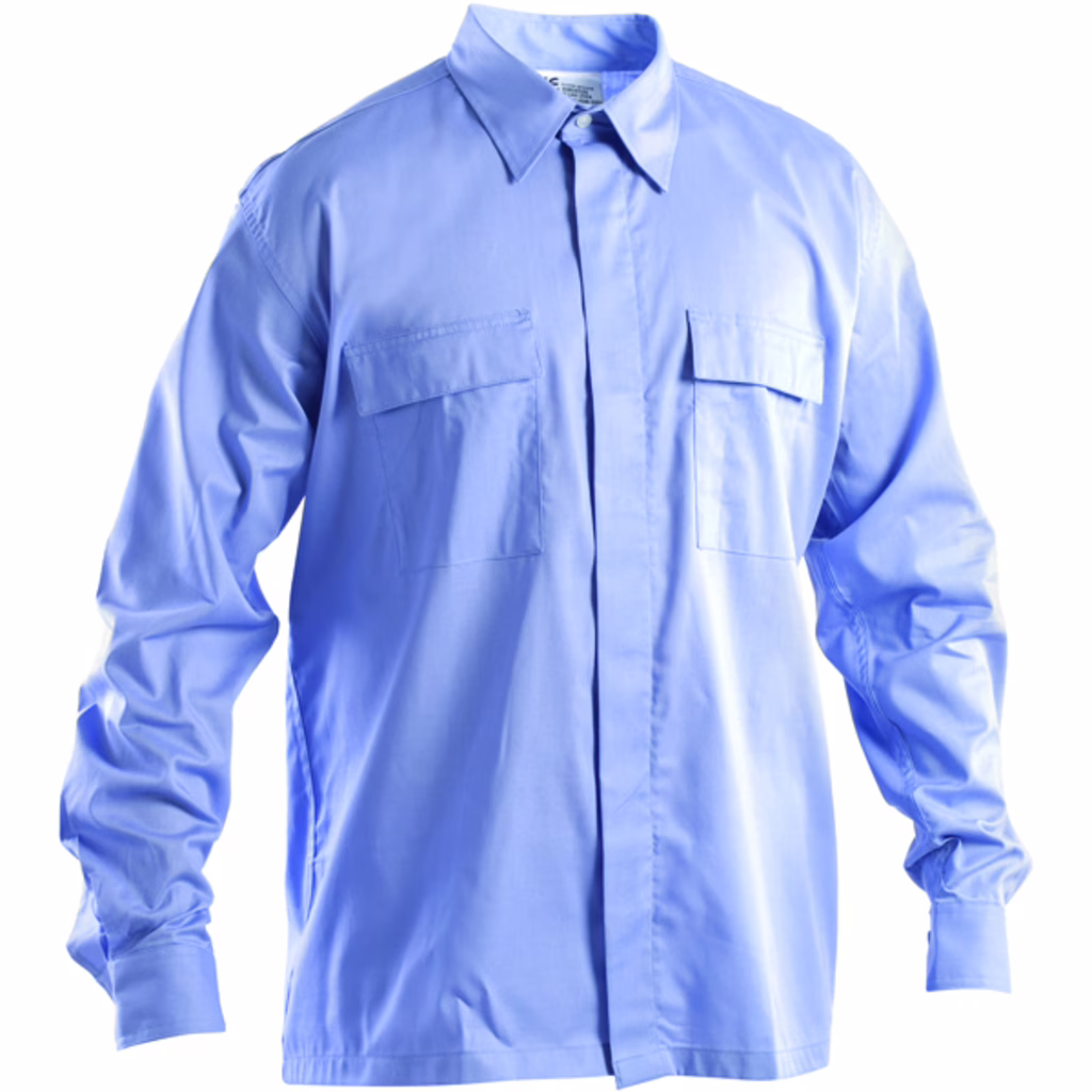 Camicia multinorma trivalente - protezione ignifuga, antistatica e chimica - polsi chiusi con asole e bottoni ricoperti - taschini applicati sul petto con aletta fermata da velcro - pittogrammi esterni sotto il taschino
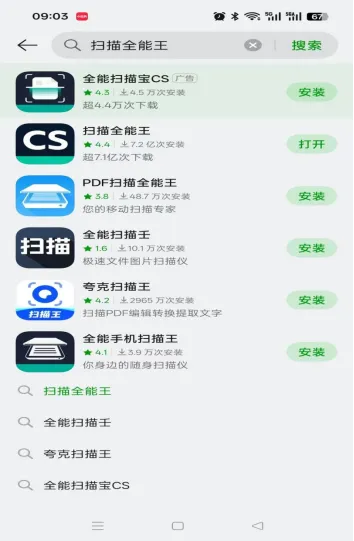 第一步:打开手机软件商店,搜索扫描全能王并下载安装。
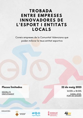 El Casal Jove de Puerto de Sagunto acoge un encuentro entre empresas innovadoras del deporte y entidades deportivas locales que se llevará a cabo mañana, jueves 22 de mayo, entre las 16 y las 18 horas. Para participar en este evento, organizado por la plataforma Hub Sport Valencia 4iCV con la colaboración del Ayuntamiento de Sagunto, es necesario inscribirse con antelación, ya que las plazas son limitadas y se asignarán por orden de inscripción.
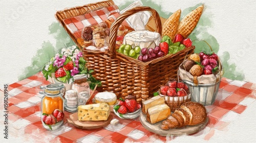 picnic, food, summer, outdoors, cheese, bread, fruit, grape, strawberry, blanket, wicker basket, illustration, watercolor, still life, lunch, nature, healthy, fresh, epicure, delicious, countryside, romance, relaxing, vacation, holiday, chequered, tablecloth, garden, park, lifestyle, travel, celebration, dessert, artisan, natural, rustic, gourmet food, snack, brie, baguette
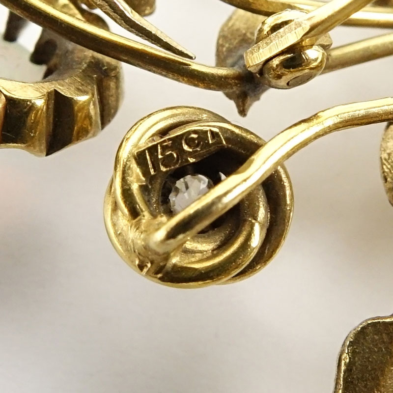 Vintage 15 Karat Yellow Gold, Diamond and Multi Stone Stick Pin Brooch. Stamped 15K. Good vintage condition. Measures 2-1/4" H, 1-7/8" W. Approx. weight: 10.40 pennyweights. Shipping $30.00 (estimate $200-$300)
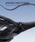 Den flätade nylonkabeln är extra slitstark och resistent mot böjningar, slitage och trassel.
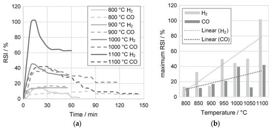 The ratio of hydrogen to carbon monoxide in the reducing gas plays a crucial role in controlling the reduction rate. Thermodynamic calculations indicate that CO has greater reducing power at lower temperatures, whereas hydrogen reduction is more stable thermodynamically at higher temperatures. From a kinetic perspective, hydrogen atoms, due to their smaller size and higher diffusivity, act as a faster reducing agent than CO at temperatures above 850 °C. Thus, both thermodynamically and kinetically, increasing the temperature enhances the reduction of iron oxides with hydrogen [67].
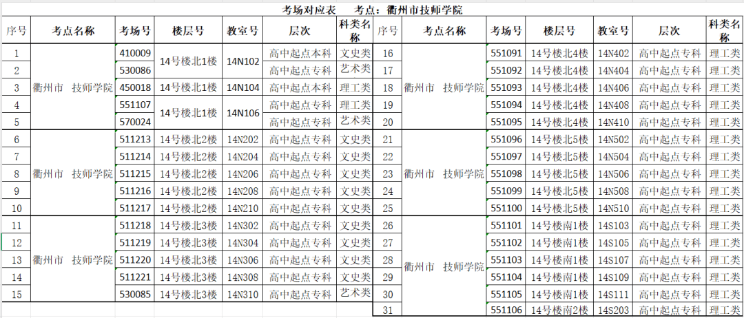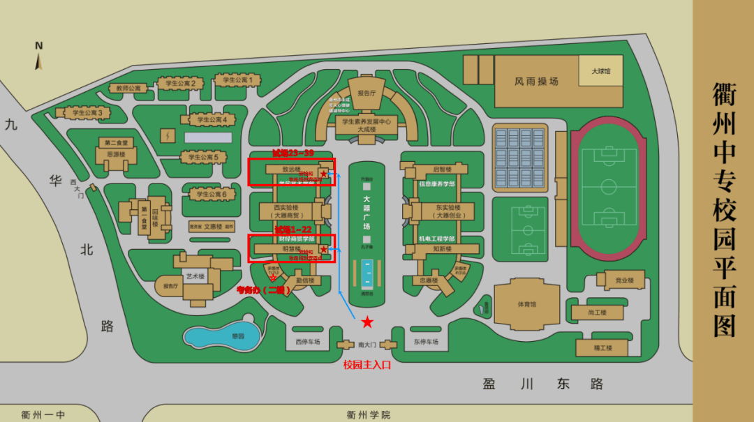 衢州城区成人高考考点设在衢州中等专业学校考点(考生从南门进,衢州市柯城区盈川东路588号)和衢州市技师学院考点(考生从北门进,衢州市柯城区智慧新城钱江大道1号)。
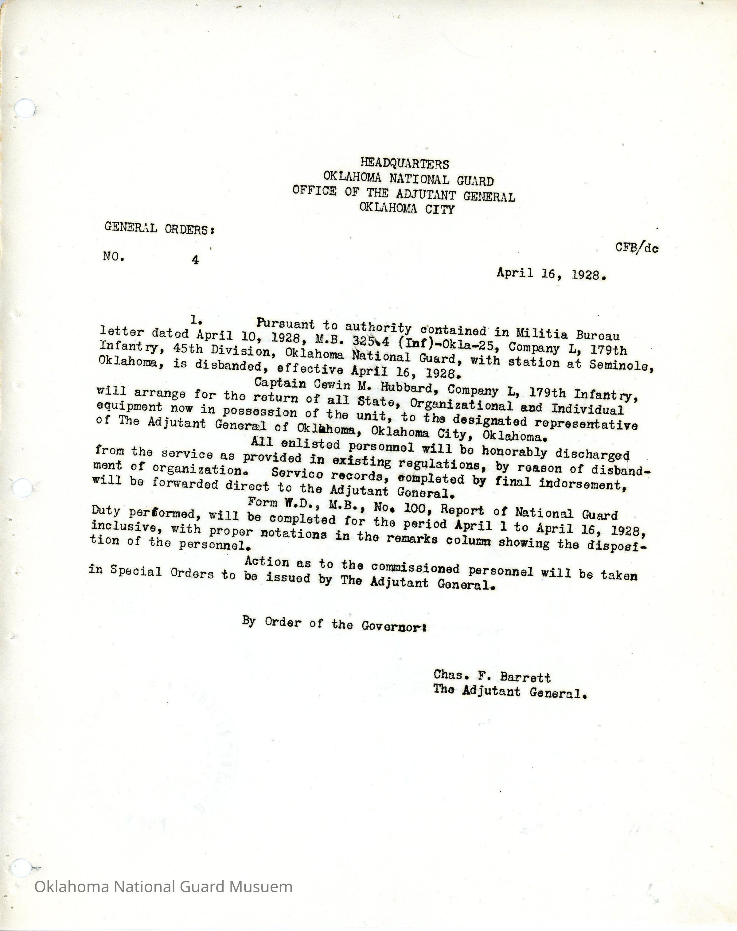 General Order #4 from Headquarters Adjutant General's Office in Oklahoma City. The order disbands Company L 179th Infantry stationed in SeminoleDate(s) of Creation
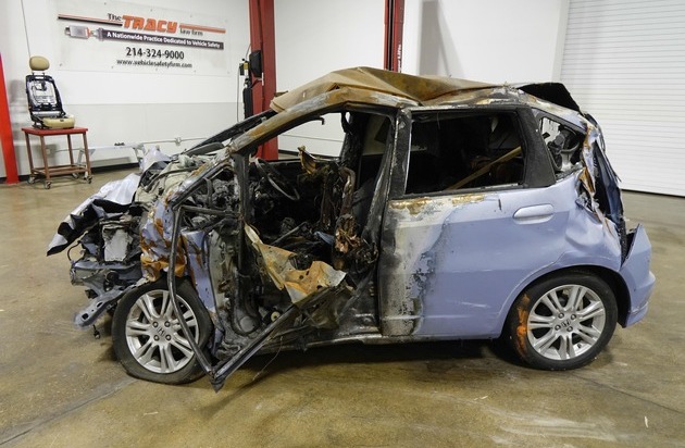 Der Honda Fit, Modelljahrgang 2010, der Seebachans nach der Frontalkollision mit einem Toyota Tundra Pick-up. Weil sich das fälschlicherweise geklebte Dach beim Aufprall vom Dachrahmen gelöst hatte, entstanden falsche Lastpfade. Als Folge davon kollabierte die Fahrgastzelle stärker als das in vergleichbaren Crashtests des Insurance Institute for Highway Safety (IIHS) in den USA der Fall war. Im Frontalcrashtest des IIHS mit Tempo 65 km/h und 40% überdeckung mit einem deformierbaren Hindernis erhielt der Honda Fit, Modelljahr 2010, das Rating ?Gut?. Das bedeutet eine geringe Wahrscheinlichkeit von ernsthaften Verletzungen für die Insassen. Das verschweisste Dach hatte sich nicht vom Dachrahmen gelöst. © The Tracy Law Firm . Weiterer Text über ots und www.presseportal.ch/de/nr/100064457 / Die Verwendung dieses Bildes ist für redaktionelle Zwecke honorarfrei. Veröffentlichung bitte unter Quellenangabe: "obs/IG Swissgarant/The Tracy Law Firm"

- **Task prompt**:
Each entry must be retyped word for word, with every image omitted.

- **Answer for the task**:
 Camicia multinorma trivalente - protezione ignifuga, antistatica e chimica - polsi chiusi con asole e bottoni ricoperti - taschini applicati sul petto con aletta fermata da velcro - pittogrammi esterni sotto il taschino
 第一步:打开手机软件商店,搜索扫描全能王并下载安装。
 El Casal Jove de Puerto de Sagunto acoge un encuentro entre empresas innovadoras del deporte y entidades deportivas locales que se llevará a cabo mañana, jueves 22 de mayo, entre las 16 y las 18 horas. Para participar en este evento, organizado por la plataforma Hub Sport Valencia 4iCV con la colaboración del Ayuntamiento de Sagunto, es necesario inscribirse con antelación, ya que las plazas son limitadas y se asignarán por orden de inscripción.
 picnic, food, summer, outdoors, cheese, bread, fruit, grape, strawberry, blanket, wicker basket, illustration, watercolor, still life, lunch, nature, healthy, fresh, epicure, delicious, countryside, romance, relaxing, vacation, holiday, chequered, tablecloth, garden, park, lifestyle, travel, celebration, dessert, artisan, natural, rustic, gourmet food, snack, brie, baguette
 Vintage 15 Karat Yellow Gold, Diamond and Multi Stone Stick Pin Brooch. Stamped 15K. Good vintage condition. Measures 2-1/4" H, 1-7/8" W. Approx. weight: 10.40 pennyweights. Shipping $30.00 (estimate $200-$300)
 Den flätade nylonkabeln är extra slitstark och resistent mot böjningar, slitage och trassel.
 The ratio of hydrogen to carbon monoxide in the reducing gas plays a crucial role in controlling the reduction rate. Thermodynamic calculations indicate that CO has greater reducing power at lower temperatures, whereas hydrogen reduction is more stable thermodynamically at higher temperatures. From a kinetic perspective, hydrogen atoms, due to their smaller size and higher diffusivity, act as a faster reducing agent than CO at temperatures above 850 °C. Thus, both thermodynamically and kinetically, increasing the temperature enhances the reduction of iron oxides with hydrogen [67].
 衢州城区成人高考考点设在衢州中等专业学校考点(考生从南门进,衢州市柯城区盈川东路588号)和衢州市技师学院考点(考生从北门进,衢州市柯城区智慧新城钱江大道1号)。
 General Order #4 from Headquarters Adjutant General's Office in Oklahoma City. The order disbands Company L 179th Infantry stationed in SeminoleDate(s) of Creation
 Der Honda Fit, Modelljahrgang 2010, der Seebachans nach der Frontalkollision mit einem Toyota Tundra Pick-up. Weil sich das fälschlicherweise geklebte Dach beim Aufprall vom Dachrahmen gelöst hatte, entstanden falsche Lastpfade. Als Folge davon kollabierte die Fahrgastzelle stärker als das in vergleichbaren Crashtests des Insurance Institute for Highway Safety (IIHS) in den USA der Fall war. Im Frontalcrashtest des IIHS mit Tempo 65 km/h und 40% überdeckung mit einem deformierbaren Hindernis erhielt der Honda Fit, Modelljahr 2010, das Rating ?Gut?. Das bedeutet eine geringe Wahrscheinlichkeit von ernsthaften Verletzungen für die Insassen. Das verschweisste Dach hatte sich nicht vom Dachrahmen gelöst. © The Tracy Law Firm . Weiterer Text über ots und www.presseportal.ch/de/nr/100064457 / Die Verwendung dieses Bildes ist für redaktionelle Zwecke honorarfrei. Veröffentlichung bitte unter Quellenangabe: "obs/IG Swissgarant/The Tracy Law Firm"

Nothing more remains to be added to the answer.